You are wonderful parents and i admire you for it. Dash was up until midnight, partying hard. I wish a little bit that we would have had a moment to ourselves this weekend. I'll just live through you. (pull pics from the party off my blog, there are great ones of you guys, ill email you some more, too)
Em.. Youre a friggin Hoot.. I love looking at your blog- but at the same time its so hard for me.. Because i start to break commandments and covet. UGH. i sure miss you!!! i was thinking of our good ol times. UGH. i miss em. Love you lady!-Crystal
This was a really simple event but really beautifully said. I like that you can laugh at yourself. I think it means that you are doing a better job than you think you are.
This was a really simple event but really beautifully said. I like that you can laugh at yourself. I think it means that you are doing a better job than you think you are.

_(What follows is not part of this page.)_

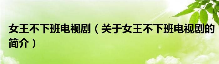 本文關于女王不下班電視劇的簡介就講解完畢,希望對大家有所幫助。

You are amazing Emily! Such a good mother, and writer! You amaze me!
sounds like a fantastic weekend.
What a beautiful post. I remember going to Stadium of Fire with you guys a few summers back (somehow we all scored a couple of free tickets to Brooks and Dunn perhaps?) and I remember looking back at you during the fireworks with tears running down your cheeks. You really do seem to appreciate freedom and I love the way you described it in this post. That seems to becoming a rarer freedom. Anyway, miss you guys!
beautiful was the word I thought of too...with tears messing up my already messy face. miss your guts, Em!